Things changed dramatically after Grandma died. She had contracted food poisoning. It was so severe that she was hospitalized for life in Teddington hospital. When she eventually passed to the other side my grandfather became very depressed. He moved out of his bedroom and set up a bed in the dark, small wedge-shaped cupboard under the stairs. For the first time in my life I had my own bedroom as my mother moved into the now vacated other bedroom. But it was a sad situation. My grandfather would stay behind his slanted closed door almost for the whole day, hardly coming out. He pinned newspaper cuttings to the wall as if he was back in the trenches. My mom was angry, and worried, when he started to burn candles in the low ceilinged room rather than using the single naked light bulb. He could have set the whole house on fire.
The winter of 1957 granddad contracted pneumonia. My mom and I had to move him from his hide-away and back upstairs in his bedroom, so the doctor could visit and check on him. I’ll never forget the November day he died. I was twelve. It was very cold. I was busy laying a fire in the front room. My mom had the oven on in the kitchen. “What do you want for breakfast?” she shouted to me. Before I could answer we heard a thud from upstairs. My mom looked worried. She lit a cigarette. I’ll always remember that smell of burning tobacco. “You go up and check on him” she ordered. Sheepishly, I climbed the stairs and looked in the room. He had fallen on the floor. I noticed that he had **** the bed. I was horrified. I touched his body. He was dead. I was sure. I ran down and told my mother. She went upstairs and checked on her dad and then told me to run down the road to the public telephone box and call 999.

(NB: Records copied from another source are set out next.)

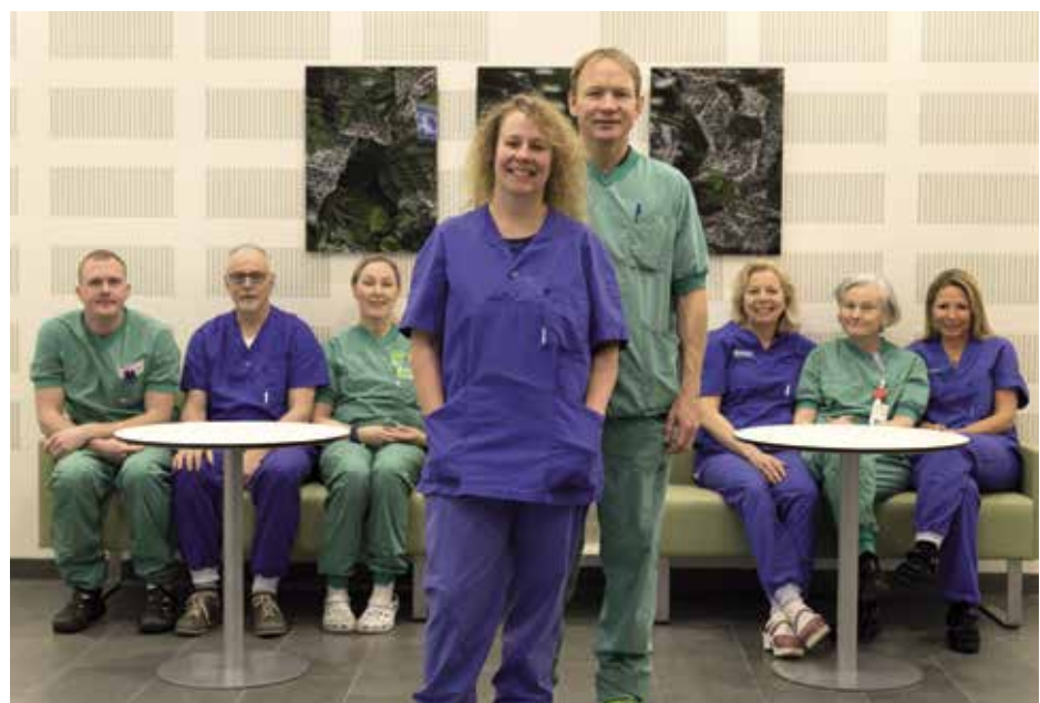
Delar av den lokala kommittén för SFAI i Karlstad.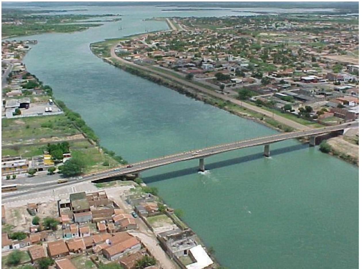
ÚNICA PONTE DE ACESSO A ILHA DE PAULO AFONSO

Destarte, uma nova ponte de acesso à ilha trará um grande benefício para toda cidade no exspecto de infraestrutura, trará a expansão da cidade no sentido desta nova ponte e será uma benfeitoria essencial de extremo apreço para toda a população.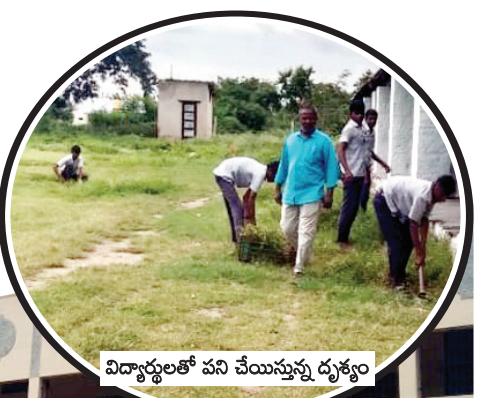
విద్యార్థులతో పని చేయిస్తున్న దృశ్యం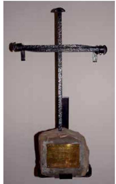
Das Nagelkreuz aus Coventry in der evangelischen Kirche Barmen-Gemarke.

In der evangelischen Kirche Barmen-Gemarke befindet sich seit zehn Jahren ein Nagelkreuz aus Coventry. Es steht als weltweites Zeichen der Versöhnung, des Friedens und der Feindesliebe; allein in Deutschland gibt es 62 Nagelkreuzzentren. Dort engagieren sich Menschen, um alte Gegensätze zu überbrücken und nach neuen Wegen in eine gemeinsame Zukunft zu suchen. Die Nagelkreuzarbeit ist ein Schwerpunkt in der Arbeit der Gemarker Kirche geworden. Dazu zählen das wöchentliche Versöhnungsgebet freitagmittags, Gottesdienste zum Tag des Gedenkens an die Opfer des Nationalsozialismus am 27. Januar und zum Gedenken um den 9. November herum sowie besondere Kantatengottesdienste, beispielsweise in der Vergangenheit zum 70. Jahrestag der Zerstörung Coventrys 2010 oder zum 70. Jahrestag des britischen Luftangriffs auf Barmen 2013 mit Geistlichen aus Coventry. Thematische Veranstaltungen wie etwa eine kleine Vortragsreihe zur Rolle der Kirche im Ersten und Zweiten Weltkrieg ergänzen das Angebot.

When they came to get his body my mom didn’t want me to see my grandfather that final time. Young people were not supposed to see the dead in case they were scarred for life. I was confined to the kitchen. I was not even allowed to attend the funeral. But I had to clean out his bedroom in the cupboard under the stairs, remove the press clippings from the walls, and tidy up his few remaining possessions. Inside I shut the door and sat in the darkness and thought about his life, and what he had given me, as he retreated back to the trenches: his dugout of dreams.”